Considerations for Program Length: Efficiency/Cost

“Part of the power of the accelerator is that it’s a constrained period of time.” — Brad Feld and Ian Hathaway Discuss Accelerators, Ian Hathaway, September 2015

As Christiansen notes, most of the funded startups at Y Combinator are unable to launch in the three-month window before Demo Day. But the accelerator has stuck to that length. “We kept the three-month cycle because it is a good length of time to build a version 1,” Y Combinator co-founder Paul Graham says. “Some startups may not be able to launch in such a short time, but they should all be able to build something impressive.”

A short time frame pushes startups with a kind of tough love, but it has other benefits as well.”The limited duration is essential to controlling costs and increasing the number of startups in the accelerator’s portfolio,” wrote the authors of the Small Business Administration report “Innovation Accelerators: Defining Characteristics Among Startup Assistance Organizations.” “This in turn increases the expected profit of the accelerator by increasing the probability of one or more high value exits into the marketplace.”

Accelerator Location

“There is a start-up revolution occurring. Every major metro area in the world will eventually be able to support an accelerator.”  –  Future Techstars, Step Forward, Max Chafkin, April 2012

There are generally two schools of thought about the location of a startup accelerator. One believes that startup accelerators can thrive anywhere. Brad Feld, who co-founded Techstars in Boulder, Colorado, wrote in Inc. Magazine that “A good accelerator can be run in any city in the world for $500,000.”
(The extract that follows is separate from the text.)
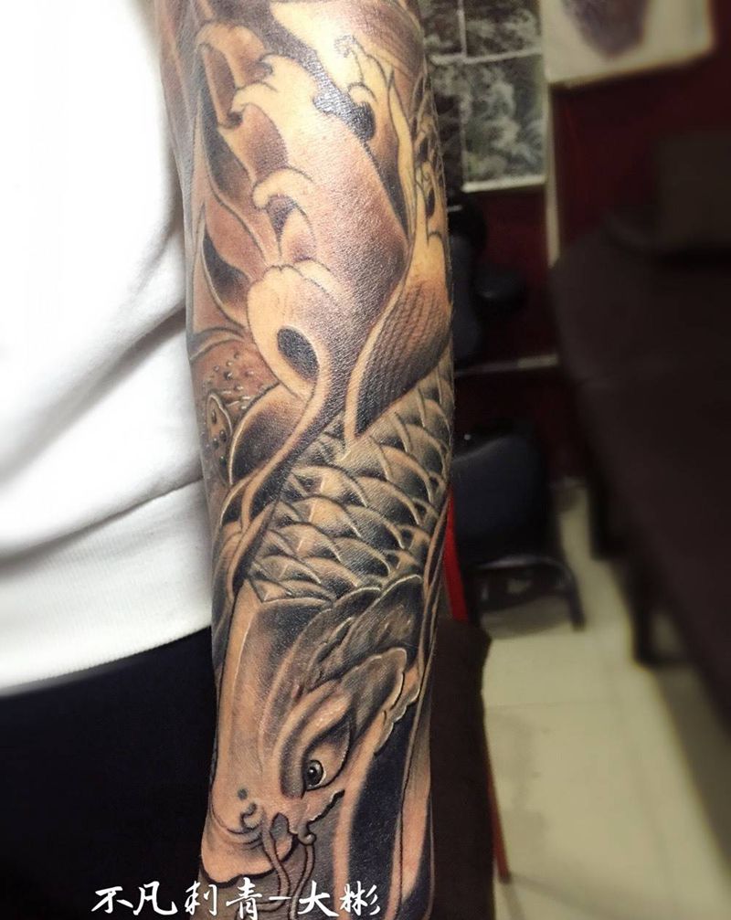 包小臂,一年前半成品做完纹身图片_成品手臂传统动物鲤鱼纹身图案

The other believes Silicon Valley is the best place in the world to house an accelerator. At the Etohum San Francisco 2015 event, Y Combinator’s Michael Seibel said, “We think it’s just ridiculously important to have YC in the [Silicon] Valley. I don’t think we’re ever going to launch an international chapter of YC. The advantages of the Valley are that we can introduce people to money and good valuations, we can introduce them to tons of other companies that can be mentors and customers, and we can introduce them to the pace of the Valley — the speed that you have to operate. We can’t do that anywhere else.”

Both schools agree that accelerators will be more successful when they’re part of a thriving ecosystem. But while Graham says startups should seek out an industry or startup ecosystem, Feld argues that entrepreneurs can create their own.

“I’m not claiming, of course, that every startup has to go to Silicon Valley to succeed,” Graham wrote on his website. “Just that all other things being equal, the more of a startup hub a place is, the better startups will do there.”

Feld disagrees: “I think it’s unbelievably myopic to say the only place you can build your company is Silicon Valley or City X,” he told Marketplace. “It goes against the law of systems dynamics — if everyone goes to a certain place to do a certain thing, you’re not going to have increasing returns forever. You should decide where to live your life, and then build your life around that.”

It’s worth noting that Feld considers the startup process to have a longer time frame than most entrepreneurs think about: “It takes 20 years to create a company,” he told the Wharton School in 2013.  “The startup community needs that kind of 20-year time horizon.”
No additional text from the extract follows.